After four games in Portland, Ore. against Pacific University to open the season, the Whitman baseball team headed to Los Angeles to play a three game series against the University of Redlands Bulldogs and one game against the Pomona-Pitzer Sagehens, and the results were mostly forgettable. The Blues were swept by the Bulldogs in resounding fashion, losing three games by a total run differential of 18-42. A particularly brutal two-game stretch included a 2-16 blowout on Feb. 21 followed by a walk-off 9-10 victory for the Bulldogs the following day. As a consolation, Whitman unleashed an offensive outburst on the No. 19 Sagehens in a 14-8 victory.
Senior utility player Nathan Wilson acknowledged the effect on team morale that the series against the Bulldogs had.
“Our series against Redlands was a tough one,” Wilson said in an email to The Wire. “It was honestly demoralizing getting blown out in the first two games of the series, but the third game was much closer and they barely squeaked away with the win.”
Wilson credited Redlands’ many veteran hitters as a big factor in their dominance. The Bulldogs amassed 44 hits over the course of the series and seemed prepared to handle whatever Whitman threw at them.
For the Blues, the outcome and overall 3-5 start to the season is indicative of the team’s room for continued growth and chemistry development. Senior pitcher Russell Petersen spoke to some of these struggles.
“The general vibe has been a lot of growing pains,” Petersen said in an email to The Wire. “We are a young group trying to gel together.”

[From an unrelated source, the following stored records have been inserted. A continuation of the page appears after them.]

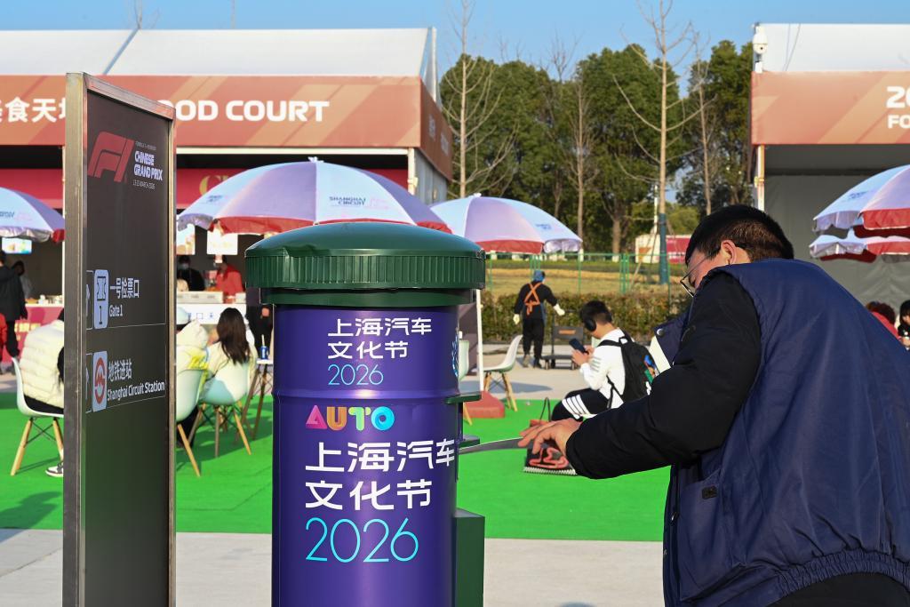 2026年3月13日,上海汽车文化节,一位游客将赛车主题的明信片投到邮筒里。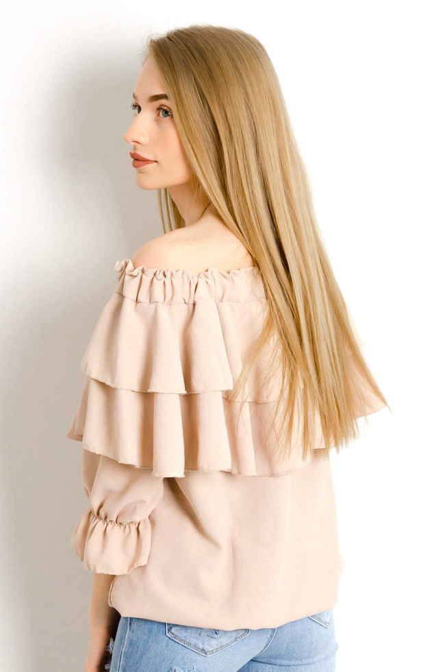 BEŻOWA BLUZKA HISZPANKA Z WIĄZANIEM W DEKOLCIE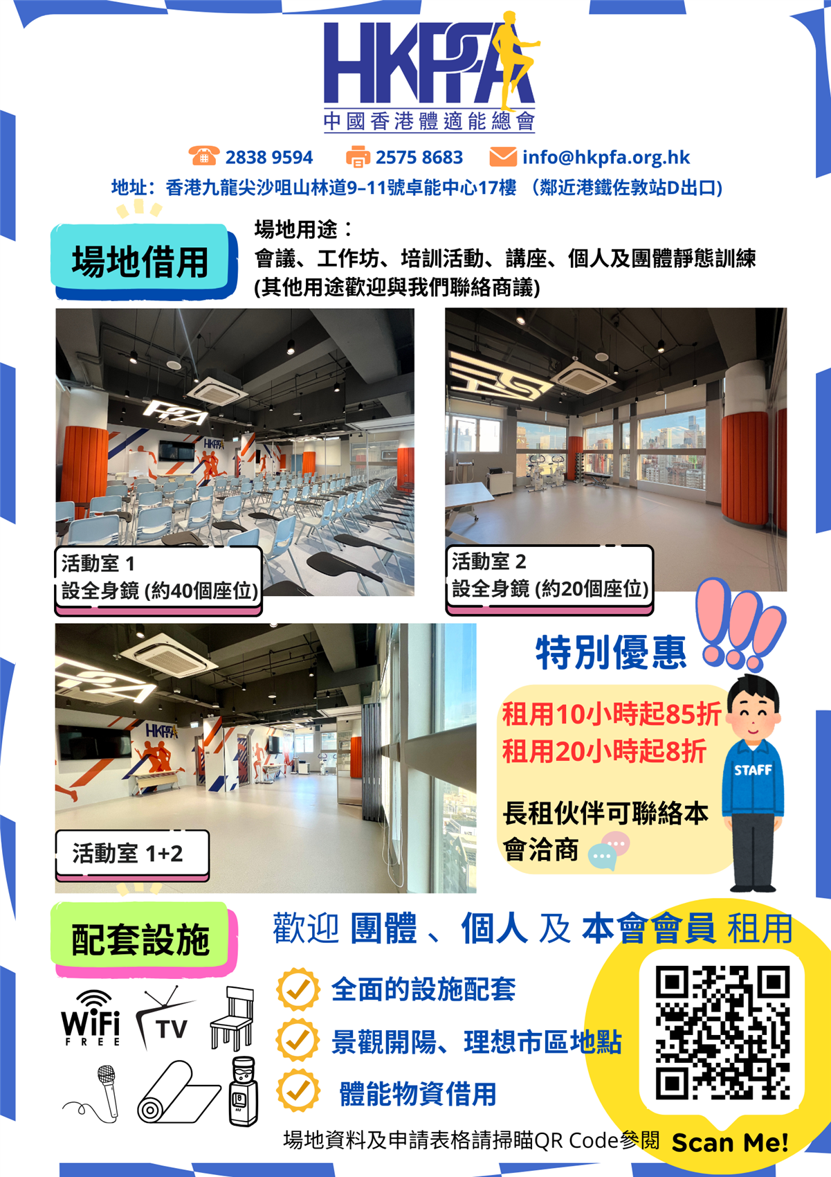歡迎團體、個人及本會會員租用,租用詳情可掃瞄單張內QR Code或聯絡本會查詢。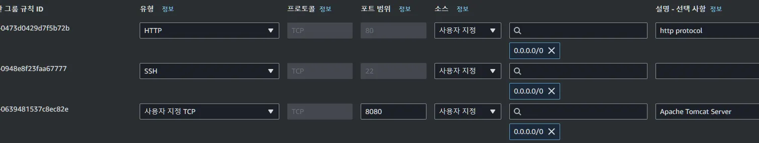 외부에서 내부(ec2)에 접속할 수 있는 Rule 정의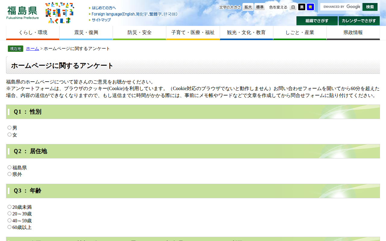 ホームページに関するアンケート - 福島県ホームページ

Along with youth, players pointed out other obstacles that the team has dealt with from spring training into the first stretch of the season, including weather conditions. Considering Whitman’s location in the Pacific Northwest, the Blues’ training and playing time on the diamond is limited by inclement weather conditions. Especially when matched up against teams in warmer regions like Southern California, this limitation often translates to a discrepancy in play.

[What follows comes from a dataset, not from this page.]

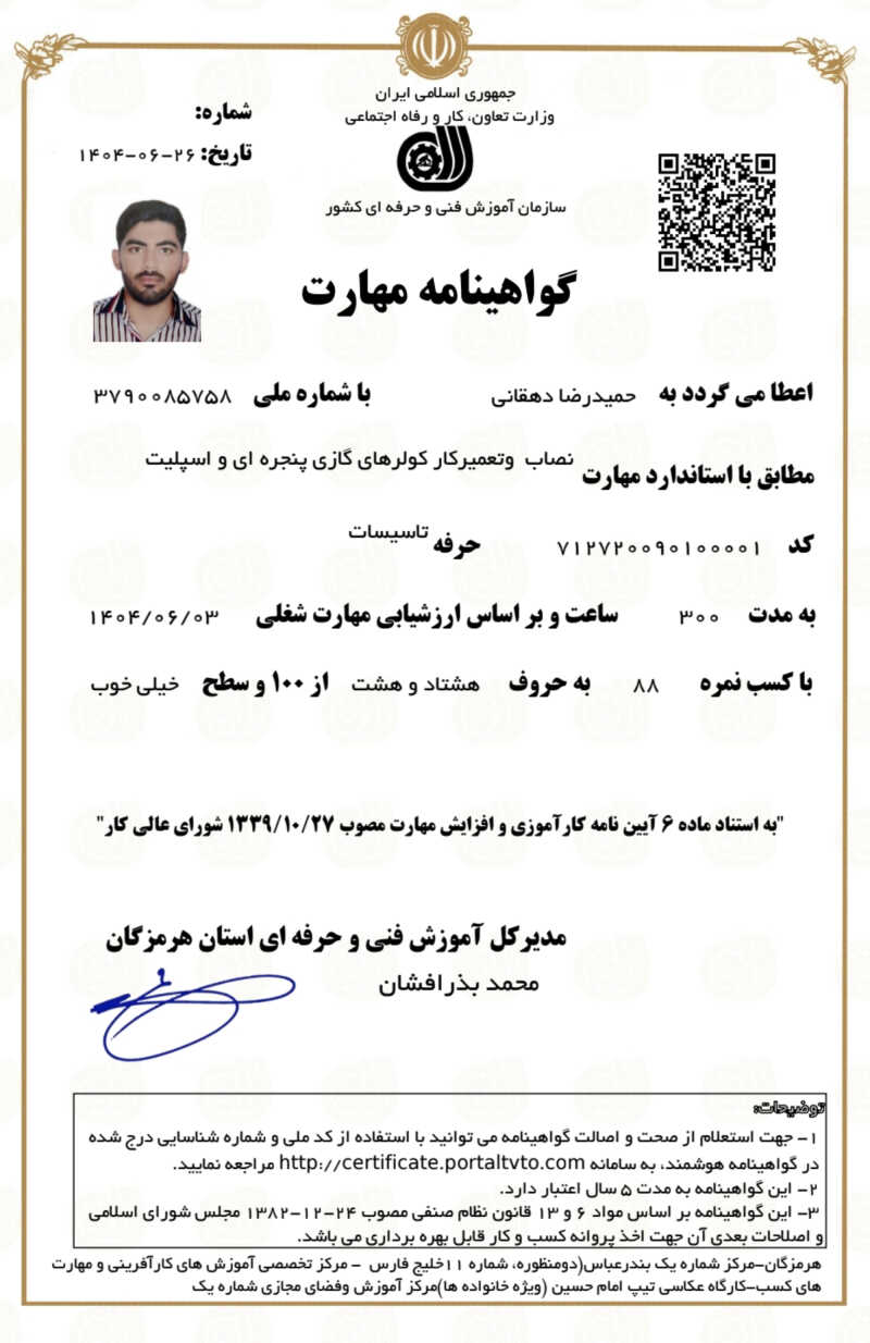 خدمت از ما احراز هویت شده خدمت از ما متخصص (دارای گواهی مهارت)

In addition, nearly a full week of travel as part of an eight-game road trip caught up with the Blues despite high spirits heading into California.
“With the travel to California on Thursday [Feb. 19], we had a shortened week of practice and a lot of guys were tired and beat up physically from the previous weekend’s four-game series,” Wilson said.
Petersen explained the stakes of this leg of the road trip for Whitman as an NWC team.
“It’s always important that we play SCIAC [Southern California Intercollegiate Athletic Conference] teams like the University of Redlands and Pomona-Pitzer as much as possible to help boost our strength of schedule,” Petersen said. “It is very rare for an NWC team to get an at-large bid to the NCAA tournament, so we have to take every opportunity we can get, even if it means missing class and being on the road for four consecutive nights.”
Despite the disappointing outcome of the trip, the Blues were encouraged by their response to the blowout in the second game of the Redlands series. That thrashing was followed by a narrow loss and an emphatic win against the 19th-ranked D-III team in the country.
“We are a team with a lot of talent that just needs to find our identity to win games,” Petersen said. “We have had a lot of great individual performances [but also] a lot of mental mistakes that are holding us back.”
Wilson echoed this emphasis on fine-tuning the team’s mental approach to competition.
“We are uber-talented and can truly beat any team in the country; it is just a matter of being able to consistently execute our game plan and staying mentally focused through a grueling nine innings,” Wilson said. “The mental side of the game is huge for us, in terms of having good energy, staying focused and disciplined and making adjustments.”
From Wilson’s perspective, the team’s preparation in the lead-up to games lays the foundation for its mental outlook.
“Our preparation during the week and on game days is something that we really take pride in,” Wilson said. “We like to say that we will not get outworked by any other team.”
The Blues get another chance to prove this on March 7 at home against NWC rival George Fox. In the meantime, they have two weeks off to get some much-needed rest and recovery, harness the momentum built off the end of the season-opening road trip and forget the rest.